The Indian equity market witnessed wild volatility in the last week, posting a third massive selloff in October. On October 11, the Nifty fell by 2.16 percent, following global selloff across equity markets.

Regardless of measures taken by the Reserve Bank of India (RBI) to improve and inject liquidity in the financial market, a consistent rise in US treasury yield auguring interest rate hike at rapid pace continued to weigh negative sentiment in emerging markets.

However, the index managed to rebound strongly on October 12 with 2.32 percent gain led by buying in Auto, Metals, and Banks stocks.

In a wake of back-and-forth rally, the Nifty index slipped from an important level of 10,774 (200-days EMA), and further broke below important support of 10,200 to hit the weekly low of 10,138.

The index, however, managed to recoup from this lower band to trade near short-term hurdle of 10,500 and closed weekly session at 10,472.5 with about 1.5 percent gain in the week.

The gainer during a week was Nifty Bank, Media and Energy, up by 3.9 percent, 8.2 percent, and 7.2 percent respectively.
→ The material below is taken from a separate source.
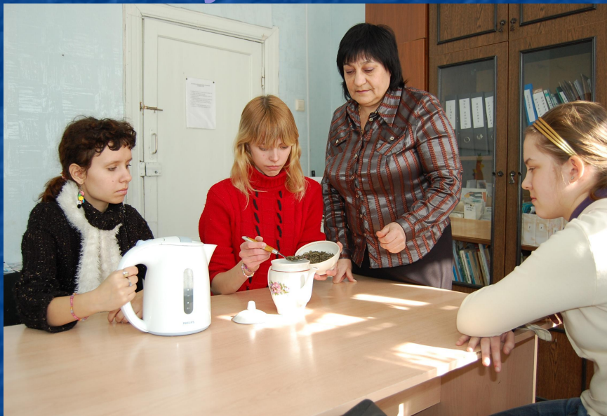
Приготовление общеукрепляющего чая

На уроках домоводства, изучая тему «Целебное питание», учащиеся знакомятся с понятием «фитотерапия», учатся с помощью литературы находить рецепты применения фиточая, а на практических занятиях готовят простые всем доступные полезные чаи.

The IT index was the top loser sinking 6.7 percent.

The index formed a small bullish candlestick pattern on its daily price chart after forming spinning-top like pattern in the previous session. On the weekly price chart, it formed a ‘hammer’ kind of candlestick pattern indicating a strength of bulls.

The weekly RSI on chart stood at 37, while MACD continued to signal a selling regime with no significant divergent in price. The upper hurdle for the index is currently placed at 10,774 (200-days EMA) and strong support is seen at 10,200.

As the market continues to observe weak cues on the global front, coupled with nervous sentiment among domestic investors, it is likely to keep Nifty index vulnerable in the short-term.

However, with kick-off in Q2FY19 earnings, it is likely to witness stock specific movements in the current scenario.

Thus, it is advisable to remain selective on stock and avoid building aggressive long position. We maintain short-term rangebound trade for index at 10,750 on upside and 10,230 on downside.

Zee Entertainment | Rating: Buy | Target: Rs 495| Stop-loss: Rs 430 | Upside: 6 percent

Zee Entertainment consolidated for last six-month from a higher price-band of Rs 599 towards a low of Rs 414 with about 31 percent correction in this period.

However, the scrip witnessed a strong upward reversal in the last one-week despite a negative market momentum, and also managed to break-out from 20-days EMA level placed at Rs 454.

There was a substantial volume growth of 45.78 percent (one month) at the current level which translates to a reversal in trend. The RSI stood at 56 inching upward while MACD had no significant formation.

Bajaj Finance | Rating: Buy | Target: Rs 2,392 | Stop-loss: Rs 2,260 | Upside: 5 percent

Bajaj Finance remained on uptrend trajectory in the last six months but it witnessed a healthy consolidation in one-month from a high of Rs 2,679 towards a low of Rs 1,974 which translates to fall of about 26 percent.

During the last one week, the scrip managed to rebound to break upward from its 200-days EMA placed at Rs 2,192 and made a fresh rally.

The momentum indicator outlined a positive trend at the current price with weekly RSI at 55 and gradually moving upward, while MACD continued to trade above its signal line.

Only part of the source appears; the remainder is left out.